Catalyzing the Movement
According to Kara, “there is a direct line of causality between the public exposure of the Zorg murders and the first movement to abolish slavery in England.” Merely twelve days after the trial, an anonymous letter appeared in a widely read English newspaper. The author, who claimed to have been present the court proceedings, argued compellingly against slavery, using the Zorg case as a prime example of its inherent evil. Olaudah Equiano saw the letter and brought it to the activist Granville Sharp, who filed a motion for a new trial. At the subsequent hearing, the events on the Zorg were reviewed in forensic detail, precisely what the abolitionists had hoped for.
The Road to 1807
In the spring of 1787, the initial group of the Society for Effecting the Abolition of the Slave Trade convened. Over the subsequent years, they petitioned, orated, lobbied tirelessly, and meticulously documented the realities of the slave trade. “Their efforts,” Kara writes, “would lay a blueprint for the pursuit of social justice.” After years of setbacks, the Act for the Abolition of the Slave Trade was enacted in 1807.
An Enduring Impact
The question of who or what should be credited for abolition remains contentious.

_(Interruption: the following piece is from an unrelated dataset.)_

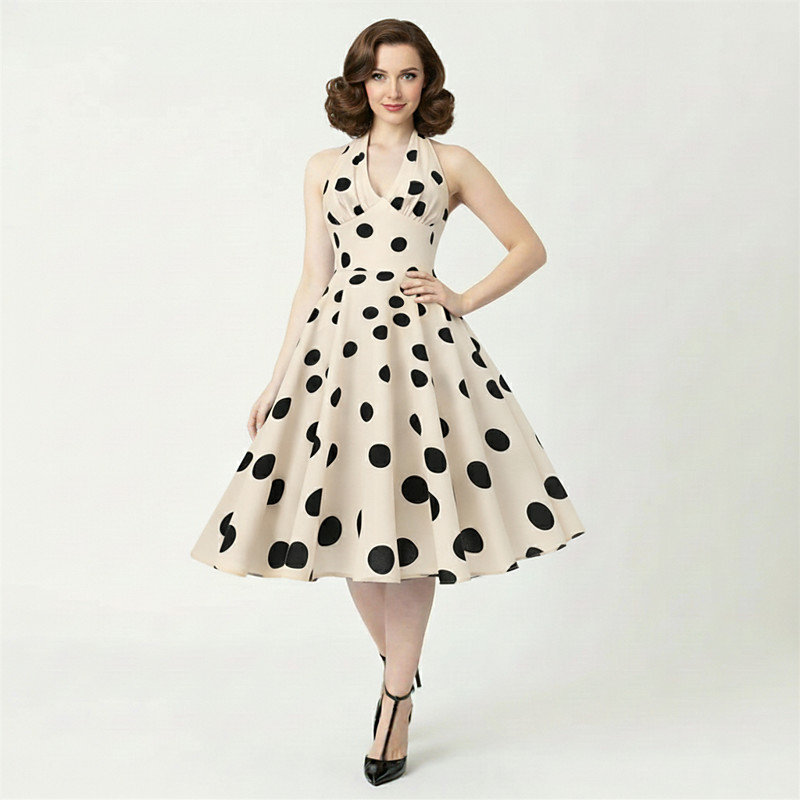 Retro Vintage 1950s Hepburn Midi Dress A Line Dress Flare Dress Polka dots Fit Flare Fancy Dress Women's Carnival Valentine's Day Casual Homecoming Retro Theme Party Adults' Dress Summer Spring

The Zorg's legacy, however, is visibly evident in J.M.W. Turner's famous painting, The Slave Ship, which was based on the events of 1781. While slavery has been near-universal in human history, its abolition following a prolonged public movement was unprecedented, serving as an affirmation to the power of persistent activism, the pen, and relentless determination.
The Author's Approach
In contrast to his previous books—such as the Pulitzer finalist Cobalt Red—Kara has had to fill in certain gaps in the available documentation. Consequently, imaginative flourishes sit awkwardly next to scrupulously factual accounts, giving the book a somewhat chimeric feel. Part thriller and part historical analysis, The Zorg ultimately manages to illuminating one of history's most horrific episodes, using powerful storytelling and documented fact to assemble a portrait that stays with the reader well after the final page.